=== Work required ===
Reproduce every line of the material below exactly. No pictures belong in the copy.

┄┄┄┄┄┄┄┄┄┄

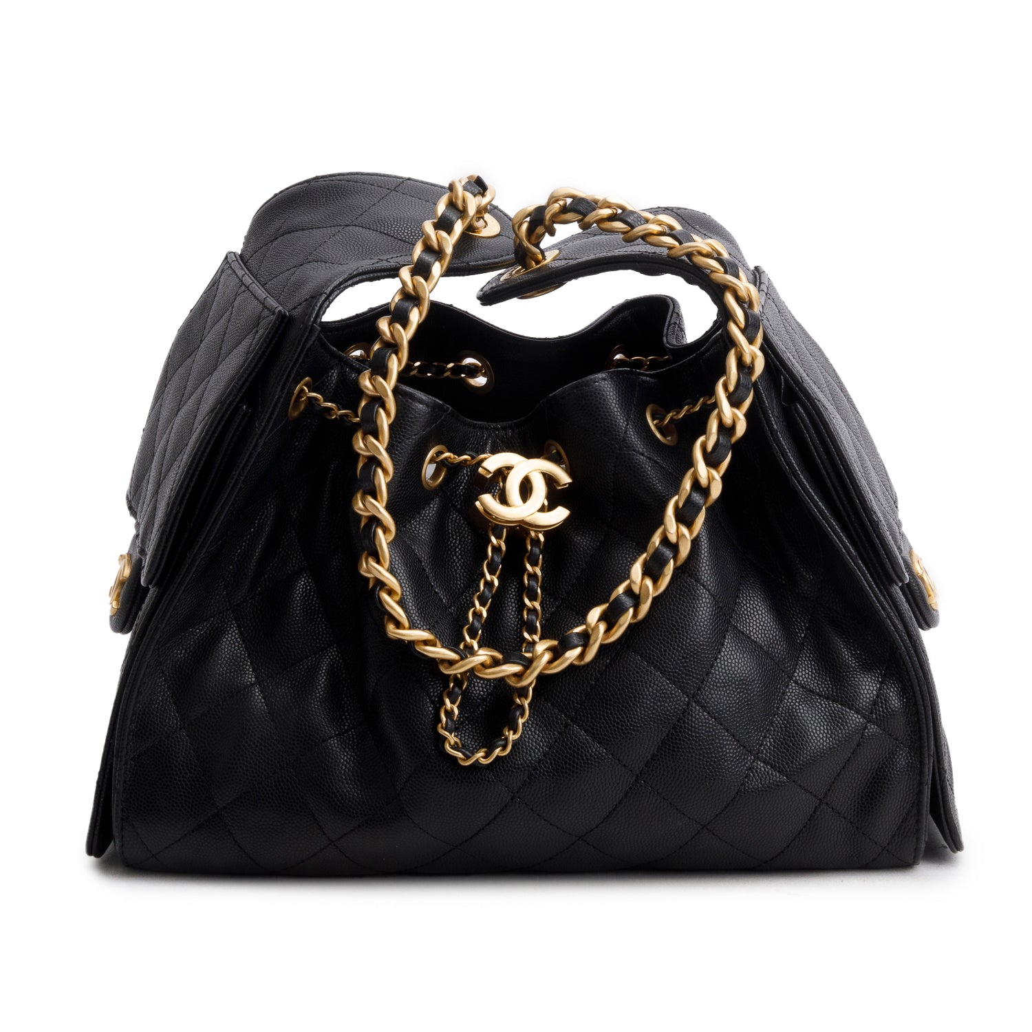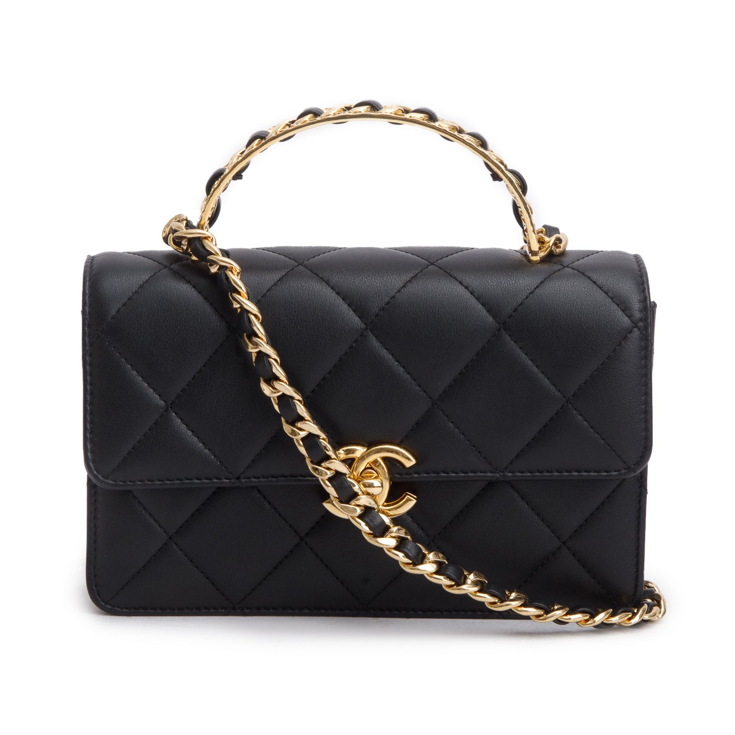 Black Lambskin Quilted Chain Logo Top Handle Flap Bag
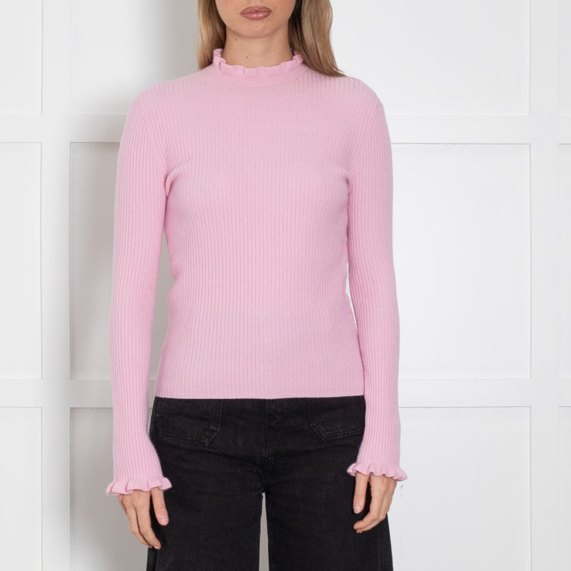 Maje Sugar Pink Ruffle Trim Ribbed Fitted Jumper
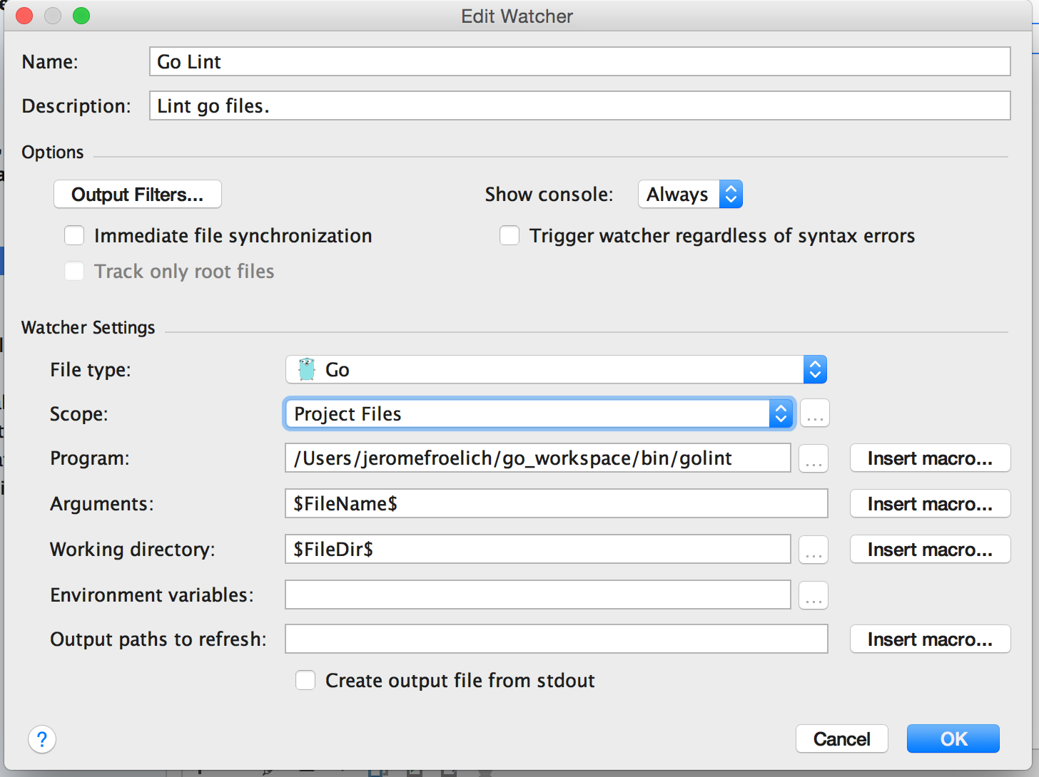 我最近一直在使用Intellij Golang插件(很棒),但是我设置的File遇到了一个问题。我的工作目录被设置为我的$GOPATH目录,我希望能够在保存我正在处理的文件之后运行golint和goimports。我遇到的问题是,如果我下次打开Intellij时使用git来克隆回购,那么它会在所有新导入的文件上同时运行golint和goimports,大型项目需要很长时间。是否有一种方法来设置文件监视程序,使其只监视当前打开的文件?我在下面添加了当前设置的屏幕截图:
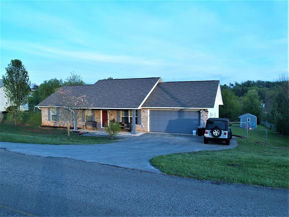 Great home with open living room and dining room. Living room has wood burning stove to relieve the winter chill. Kitchen is open to dining room. Extra large pantry and large laundry room. Size of master bedroom is sure to please and has walk in closet. Covered front porch, 2 car garage, and huge fenced in rear yard with gate for vehicle access and nice views plus an awesome 10 x 12 storage shed. Such a great location also, just minutes to town and easy access to 321 and 411 so you can get anywhere rather quickly. New roof in 2011. Home warranty offered with acceptable offer.
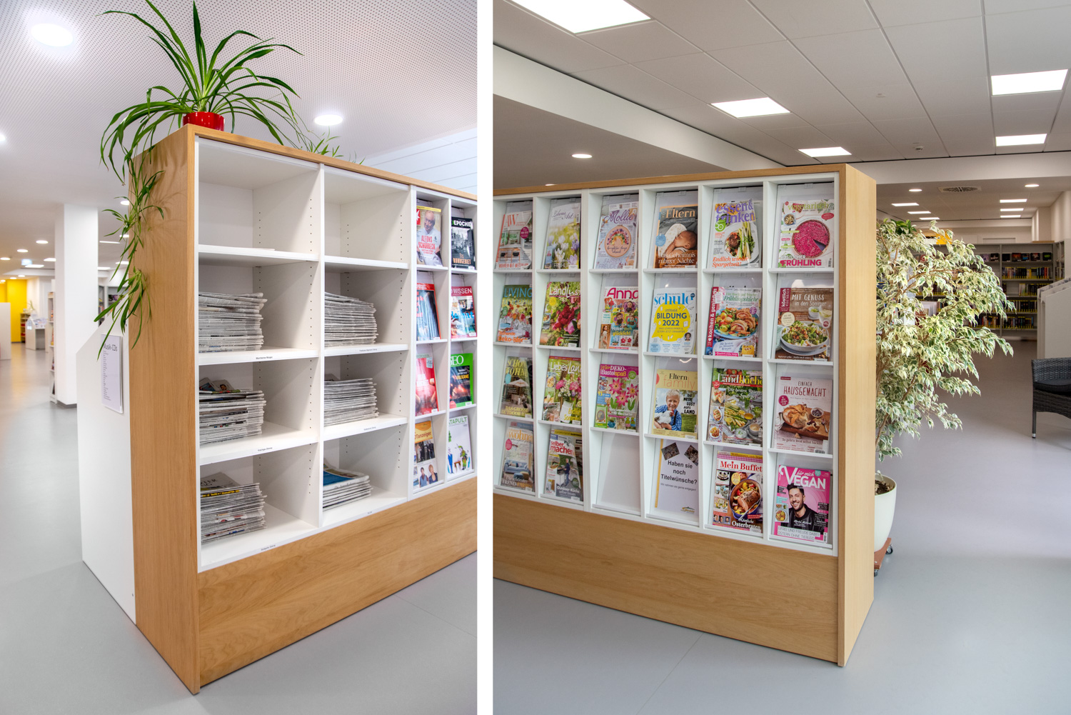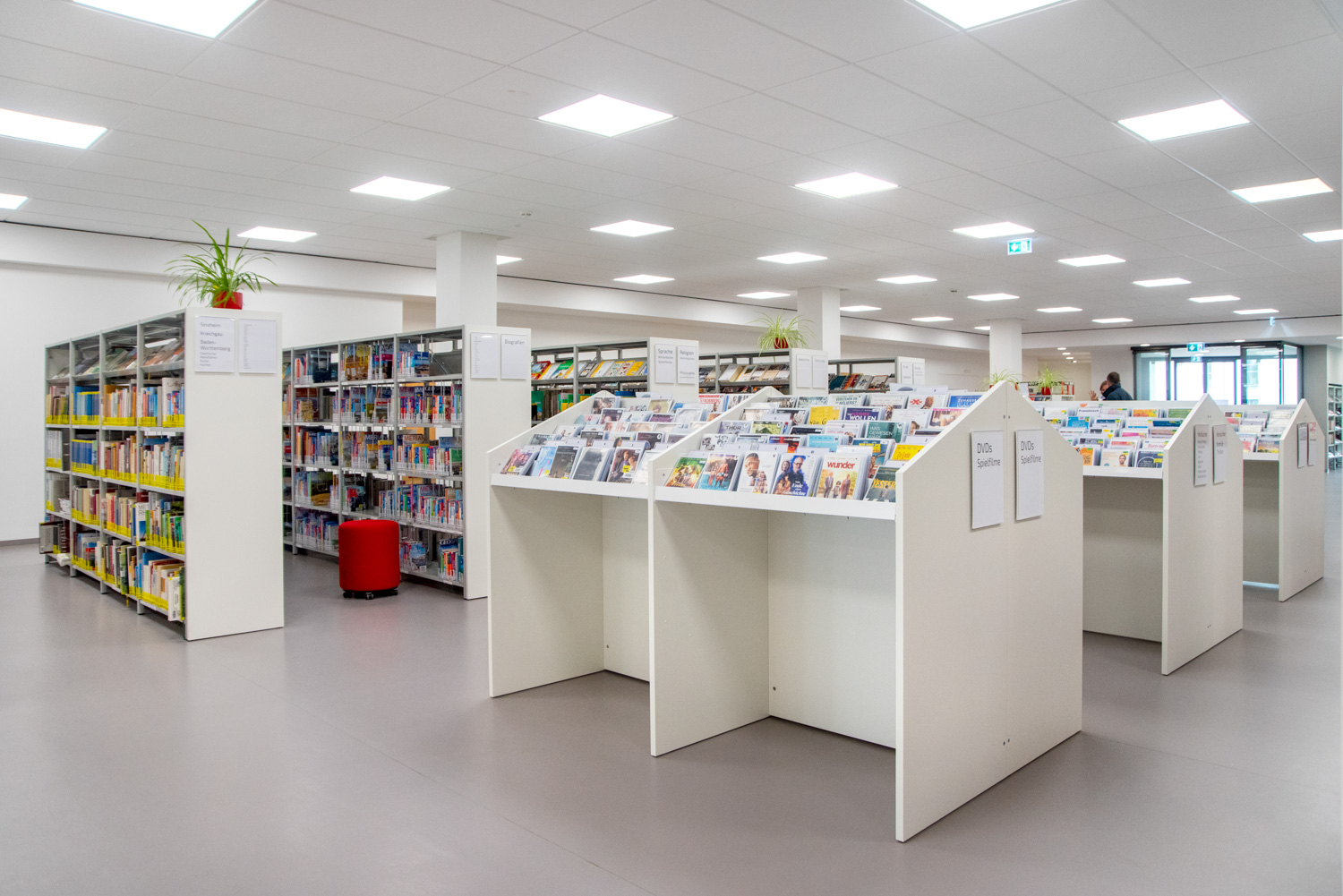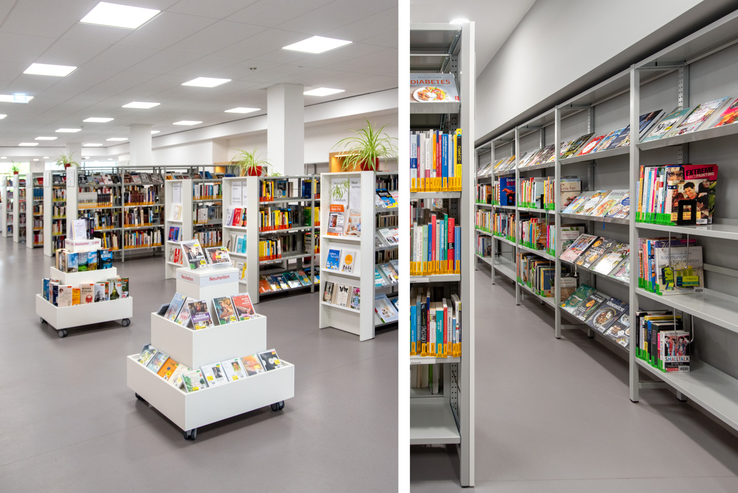 In der Bibliothek Sinsheim wurden alle Metallregale überarbeitet. Gleichzeitig wurden der Bibliothek neue Möbel hinzugefügt , z.B. das Wow!, die Show it Pyramide und der Inform-Tisch, um der Bibliothek einen frischen neuen Touch zu verleihen.

┄┄┄┄┄┄┄┄┄┄

=== Output ===
 Black Lambskin Quilted Chain Logo Top Handle Flap Bag
 Maje Sugar Pink Ruffle Trim Ribbed Fitted Jumper
 我最近一直在使用Intellij Golang插件(很棒),但是我设置的File遇到了一个问题。我的工作目录被设置为我的$GOPATH目录,我希望能够在保存我正在处理的文件之后运行golint和goimports。我遇到的问题是,如果我下次打开Intellij时使用git来克隆回购,那么它会在所有新导入的文件上同时运行golint和goimports,大型项目需要很长时间。是否有一种方法来设置文件监视程序,使其只监视当前打开的文件?我在下面添加了当前设置的屏幕截图:
 Great home with open living room and dining room. Living room has wood burning stove to relieve the winter chill. Kitchen is open to dining room. Extra large pantry and large laundry room. Size of master bedroom is sure to please and has walk in closet. Covered front porch, 2 car garage, and huge fenced in rear yard with gate for vehicle access and nice views plus an awesome 10 x 12 storage shed. Such a great location also, just minutes to town and easy access to 321 and 411 so you can get anywhere rather quickly. New roof in 2011. Home warranty offered with acceptable offer.
 In der Bibliothek Sinsheim wurden alle Metallregale überarbeitet. Gleichzeitig wurden der Bibliothek neue Möbel hinzugefügt , z.B. das Wow!, die Show it Pyramide und der Inform-Tisch, um der Bibliothek einen frischen neuen Touch zu verleihen.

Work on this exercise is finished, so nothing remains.